Krabbe disease is extremely rare. The incidence of the infantile-onset form is 1 in 100,000. However, it's also one of only a few hundred rare diseases with known treatments—not to mention a screening test that can potentially identify affected patients at birth.

When a baby is born, doctors prick his or her heel, taking a small amount of blood and dabbing it on a card. This dried blood spot is then sent to that state's newborn screening lab. But unless parents request supplemental screening, the number of diseases a newborn is screened for depends entirely on where the baby was born. Some states test for as few as seven diseases; others, such as New York, test for more than 40, one of which is Krabbe disease.

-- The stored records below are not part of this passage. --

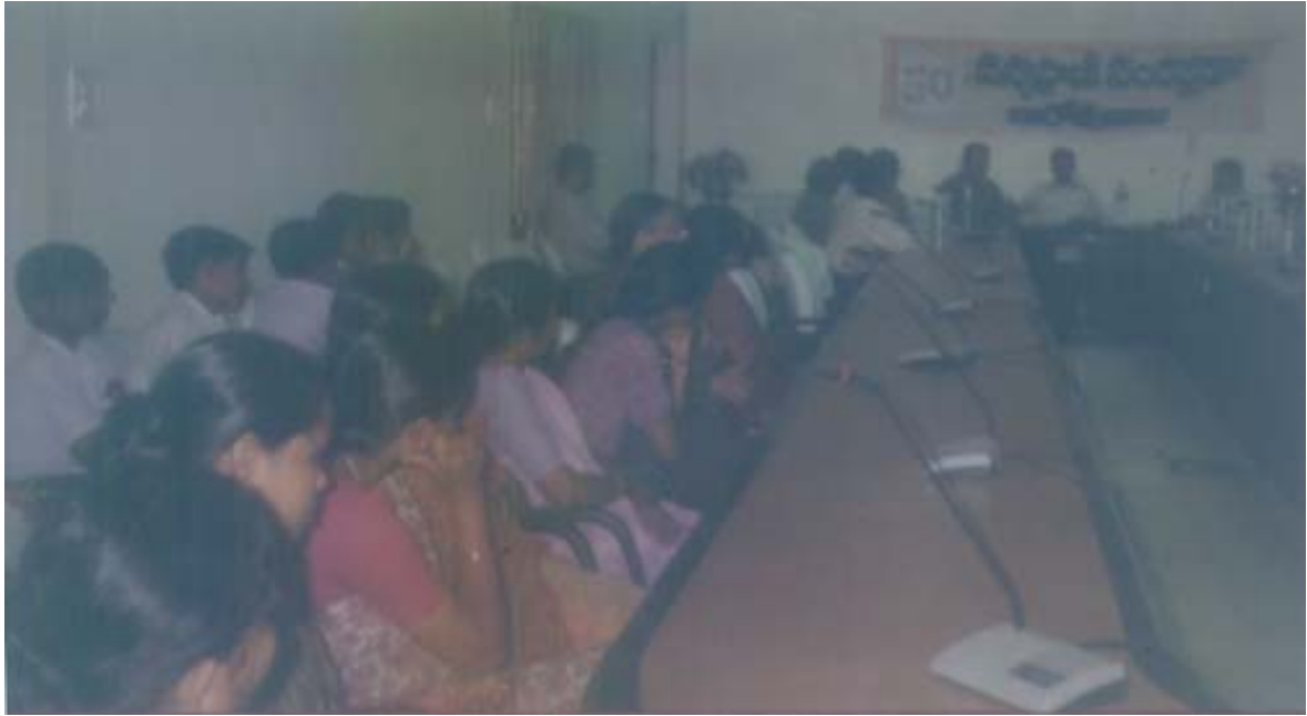
Forest Department Staff & Students of various schools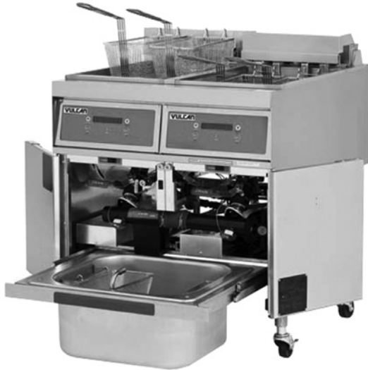
Model 2ER85DF Shown on casters (Accessory)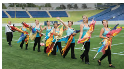
DCA Alumni Spectacular in Annapolis Maryland.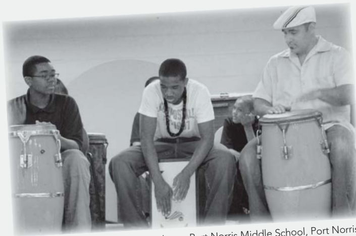
Percussion/Latin Dance Residency, Port Norris Middle School, Port Norris

"I think art is the best thing—like a colorful butterfly flying by. I think art is like a blue bird flowing in the wind. I think art is like a land where people are free and having a good time. Art is my heart. Art is me. Art is like a peaceful quiet song going through my ears. My art is my soul and my body. Art has many secrets so it is my job to find out."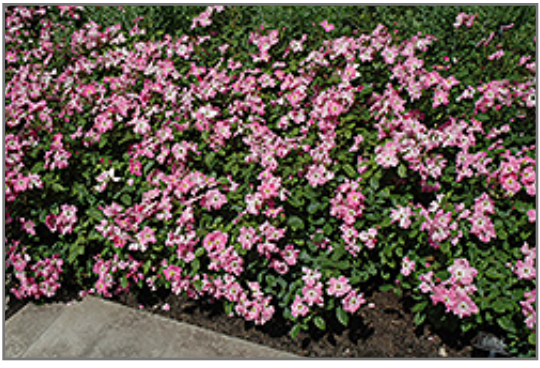
Nearly Wild Rose in bloom

Columbus Garden Center - 1156 Oakland Park Avenue, Columbus, OH 43224-3317 Phone: 614-268-3511 Fax: 614-784-7700 Delaware Garden Center - 25 Kilbourne Road, Delaware, OH 43015 Phone: 740-548-6633 Fax: 740-363-2091 Dublin Garden Center - 4261 West Dublin-Granville Road, Dublin, Ohio 43017 Phone: 614-874-2400 Fax: 614-874-2420 New Albany Garden Center - 5211 Johnstown Rd, New Albany, Ohio 43054 Phone: 614-917-1020 Fax: 614-917-1023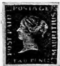
Mauritius, Post Paid, 1848, 2d., blue, £82.

Note the words POST PAID where the words POST OFFICE occurred in the first stamps of Mauritius described above.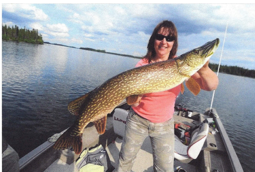
42.5 INCHES! - That's what a trophy-sized Northern Pike looks like.

The push for more widespread screening of rare diseases is largely the result of impassioned campaigns led by parents of affected children. Among the most notable advocates is Hall of Famer and former Buffalo Bills quarterback Jim Kelly, whose son died of complications from Krabbe disease at age seven. In 2006, Kelly successfully lobbied the New York State Department for the inclusion of the disease in its mandatory newborn screening program.

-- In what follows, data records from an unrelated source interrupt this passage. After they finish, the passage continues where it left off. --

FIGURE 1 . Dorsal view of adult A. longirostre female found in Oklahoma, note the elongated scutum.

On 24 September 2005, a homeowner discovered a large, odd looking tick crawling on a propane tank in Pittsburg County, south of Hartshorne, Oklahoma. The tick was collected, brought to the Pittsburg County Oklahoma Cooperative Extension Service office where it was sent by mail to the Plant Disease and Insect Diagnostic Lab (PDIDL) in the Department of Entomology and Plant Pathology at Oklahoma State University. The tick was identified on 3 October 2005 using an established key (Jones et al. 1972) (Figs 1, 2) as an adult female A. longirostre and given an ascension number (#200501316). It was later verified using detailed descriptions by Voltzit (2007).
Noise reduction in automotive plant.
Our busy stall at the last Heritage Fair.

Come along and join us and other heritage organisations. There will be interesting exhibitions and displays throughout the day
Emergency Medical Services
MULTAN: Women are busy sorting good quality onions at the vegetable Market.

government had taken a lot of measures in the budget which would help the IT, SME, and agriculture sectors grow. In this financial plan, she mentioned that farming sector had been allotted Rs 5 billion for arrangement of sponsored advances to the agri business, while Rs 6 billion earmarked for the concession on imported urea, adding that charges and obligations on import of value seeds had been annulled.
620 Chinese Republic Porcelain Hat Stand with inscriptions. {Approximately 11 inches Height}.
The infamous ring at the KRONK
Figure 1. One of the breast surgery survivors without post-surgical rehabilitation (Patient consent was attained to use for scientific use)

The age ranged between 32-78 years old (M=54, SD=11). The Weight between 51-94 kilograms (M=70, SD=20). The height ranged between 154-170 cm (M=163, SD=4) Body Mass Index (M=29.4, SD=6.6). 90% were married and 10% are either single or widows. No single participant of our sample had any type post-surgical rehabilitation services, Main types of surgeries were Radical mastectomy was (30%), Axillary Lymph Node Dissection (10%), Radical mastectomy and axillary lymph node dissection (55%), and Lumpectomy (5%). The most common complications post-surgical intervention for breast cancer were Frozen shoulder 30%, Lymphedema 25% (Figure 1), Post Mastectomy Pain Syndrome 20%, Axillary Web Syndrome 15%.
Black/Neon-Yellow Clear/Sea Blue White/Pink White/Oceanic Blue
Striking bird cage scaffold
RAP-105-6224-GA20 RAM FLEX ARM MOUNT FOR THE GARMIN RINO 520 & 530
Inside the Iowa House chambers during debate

One of the problems with testing for rare diseases is that when a baby has a positive screen, a lack of consensus may exist about treatment. “A disease like Krabbe is associated with more than 140 genetic mutations,” says Patricia Duffner, M.D., prior clinical director of the Hunter James Kelly Research Institute, pediatric neurologist, founder of the World-Wide Krabbe Registry, and member of the American Academy of Neurology.

Another problem is the lack of standardization for enzyme testing. “It's not like getting a blood test for anemia, where all labs measure the same way,” explains Dr. Duffner.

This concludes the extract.